Krebs Cycle
The acetyl group of acetyl co A is now completey degraded stepwise into carbon and hydrogen atoms in the mitochondria by a cyclic sequence of eight main reaction steps. The carbon atoms combine with O2 forming CO2 which is discharged out of the body as an endproduct of respiration .Hydrogen atoms are. On the other hand ,taken up by hydrogen acceptor molecules. This series or pathway is known as krebs cycle ( after hans krebs who first decribed it in 1937) or citric acid cycle ( because formation of citric acid is the first step in this cycle) or tricarboxylic acid( TCA) Cycle ( because many intermediate compounds formed in the cycle have three carboxyl groups.) The enzyme of this cycle mostly occur in the mitochondrial matrix, the successive steps of the cycle are as follow .
1. Krebs cycle begins with linking of acetyl group (2- carbon compound) of acetyl Co.A to oxaloacetic acid (a-4 carbon compounds ), using a molecule of H2O and forming citric acid (a-6 carbon compound ) , This is a condensation reaction catalyzed by citrate synthsase.
Subsequent, reaction in the cycle invole a series of structural rearrangements , leading to dehydrogenations and decarboxylations
2. In second step, the citric acid is converted to its isomer isocitric acid by two reaction catalyzed by the enzyme aconitase.
3. Next, the is citric acid undergoes oxidative decarboxylation in two steps, It is first converted to oxalosuccinic acid and then to 5 carbon ketoglutaric acid. These reactions are catalyzed by is citrate dehydrogenase, an enzyme that uses NAD+ as a coenzyme . This step is obviously linked to the release of a molecules of CO2 and two hydrogen atoms which reduce a molecule of NAD+ to NADH. H+.

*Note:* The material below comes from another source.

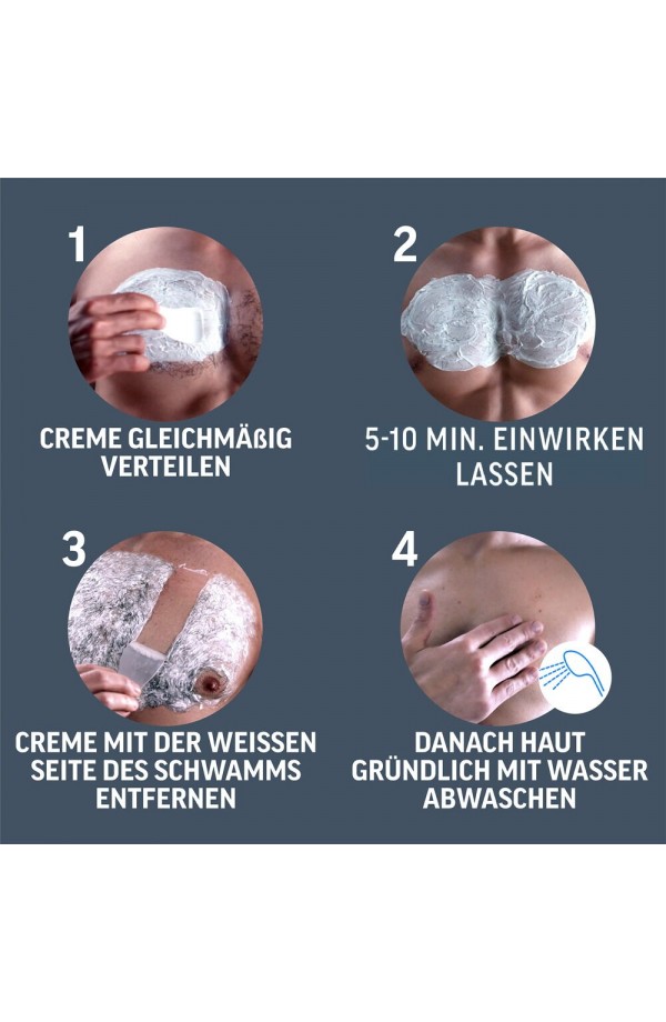 Hair removal cream for normal skin Especially for his upper body & legs Quick and complete hair removal Easy & safe to use Long-lasting results Provides up to 24 hours of moisture Smooth & well-groomed in minutes! The Veet Men TOTAL PRO Hair Removal Cream enables quick and effective removal of unwanted hair on the upper body and legs. The dermatologically tested formula leaves skin feeling noticeably smoother and provides up to 24 hours of nourishing moisture. The cream removes hair in just 5 to 10 minutes and it provides long-lasting results with less itchy stubble and fewer ingrown hairs compared to shaving. Furthermore, no unpleasant odour remains on the skin after use. Read and follow all the important advice before use. Follow the instructions. Do not leave on for longer than 10 minutes in total. Not suitable for use on the head, face, eyes, nose, ears, anal or genital areas, or nipples. 400 ml in a practical pump dispenser. Read less Ingredients Aqua, Cetearyl Alcohol, Paraffinum Liquidum, Potassium Thioglycolate, Calcium Hydroxide, Ceteareth-20, Talc, Glycerin, Parfum, Polyethylene, Sodium Gluconate, Panax Ginseng Root Extract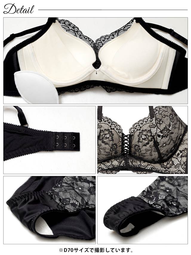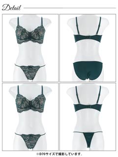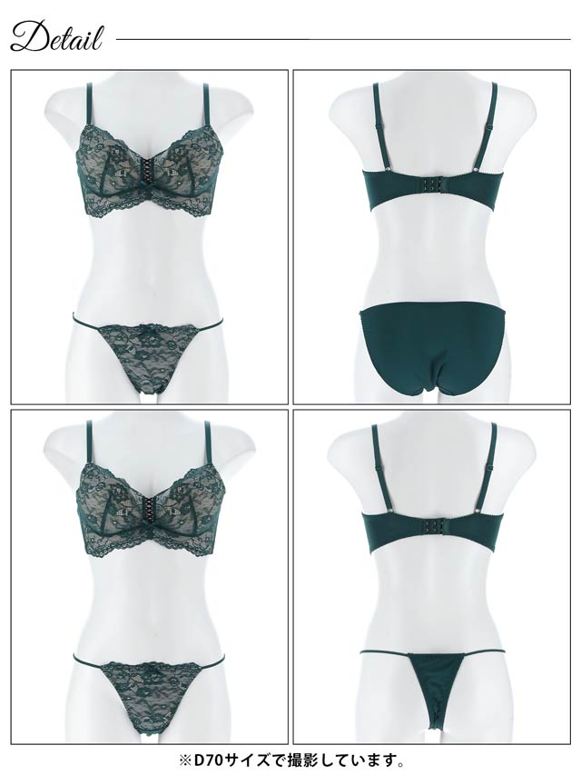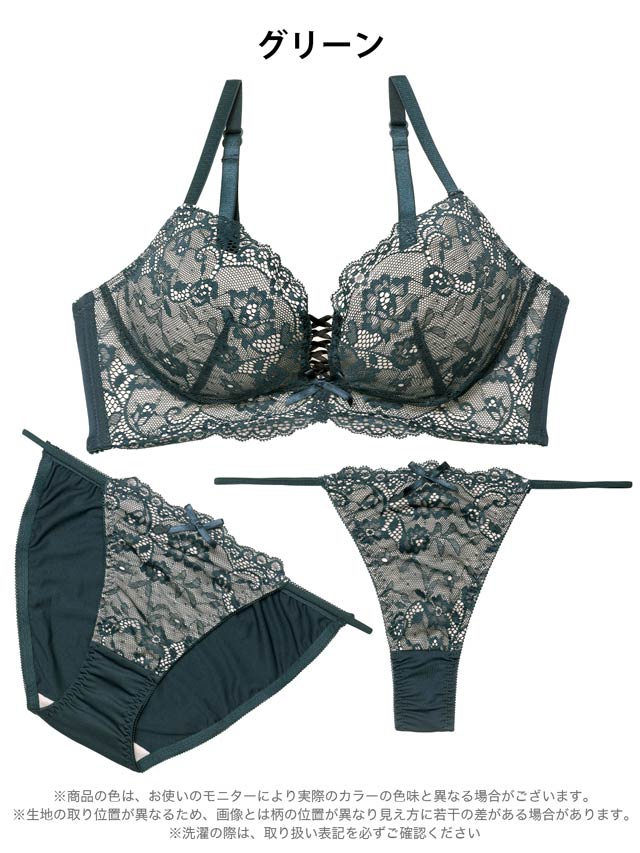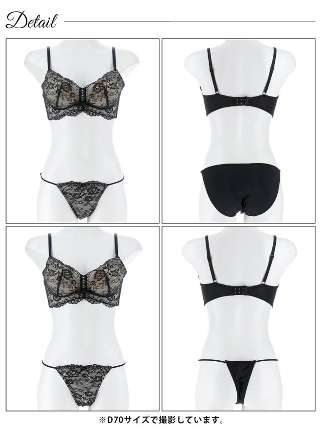 オールレースカットストリング育乳脇高ブラジャー&バック透けフルバックショーツ

4. A further oxidative decarboxylation results in conversion of ketoglutaric acid to high energy 4- carbon compound succinly coenzyme A in a multistep reaction catalyzed by three enzymes collectively called ketoglutarate dehydrogenase complex. A molecule of carbon dioxide and a pair of hydrogen atoms are again released. Hydrogen atoms are again accepted by a molecule of NAD + which is reduced to NADH. H +
5. Succinyl Co A reacts with GDP ( guanosine diphosphate ) and a phosphate group to form succinic acid, phosphorylating GDP into GTP( guanosine triphosphate ). This reactionis catalyzed by succinae thiokinase (= succinyl Co A synthetase) GTP is a high energy compounds like ATP. It either supplies its energy to certain cellular reactions or transfers its terminal high energy phosphate bond to ADP, forming ATP.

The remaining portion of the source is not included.